70 entry daha
  • yazar bu romanı kaleme almadan önce kuzey fransa'da montsou'ya gelir. aynı zamanda romanın konusunun da geçtiği şehir. montsou büyük bir maden kentidir ve zola'yı orada kimse tanımamaktadır. gidip madencileri konu alan bir roman yazacağını ocak şefine bildirip gözlemde bulunacağını söylese ve piposu ağzında kemik çerçeveli gözlüğüyle fularıyla bir köşeden işçileri izlese de bu romanı yazabilecektir yazar. ancak o, kim olduğundan kimseye bahsetmeden gidip bir maden ocağında işe girer ve sıradan bir maden işçisi gibi orda çalışmaya başlar. 6 ay kadar bir süre işçilerle yemek yer, çalışır; dertlerini, sıkıntılarını, üzüntülerini, sevinçlerini gözlemler. aşklarına şahit olur... şüphesiz ki birisinin onları gözlemlediğini gören işçiler doğal davranamayacak, rol keseceklerdir. nasıl ki biri fotoğrafımızı çekerken poz veriyorsak onlar da öyle yapacaklardır. ancak, işçiler onlardan olan biriyle birlikteyken tüm çıplaklığıyla benliklerini ortaya sermekten çekinmeyeceklerdir. işte zola bunu çok iyi bilmekte ve bu yüzden eserlerini oluştururken hep bu yöntemi seçmektedir. 6 ay sonunda ocaktan ayrılan zola, romanını kaleme almaya başlar ve natüralizmin en büyük eserlerinden biri kabul edilen germinal'i tamamlar.
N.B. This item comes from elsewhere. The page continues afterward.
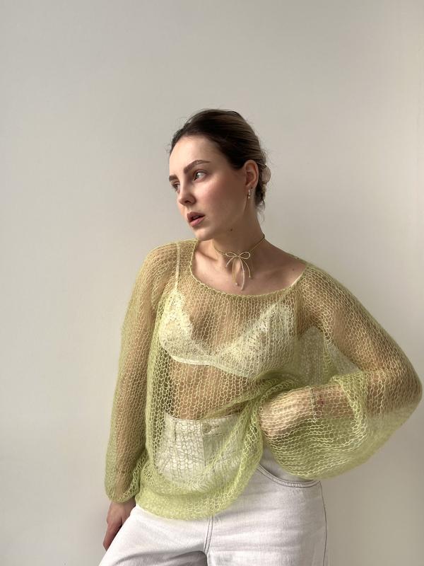 Павутинка в красивому фісташковому кольорі. Вільний силует, повітряна текстура, стане відмінним доповненням вашого образу. Склад: 75% мохер, 25% шовк.

    natüralizm işte tam olarak da budur. detayları yakalamak için detayları yaşamak gerekir, bir köşeden izlemek değil. zola bunu başaran ender edebiyatçılardan biridir ve bu yüzden de emile zola'dır. yüz yılı aşkın süredir hatırlanmasının, daha iyisi yapılana kadar ki hiç sanmıyorum, hep hatırlanacak olmasının sırrı budur.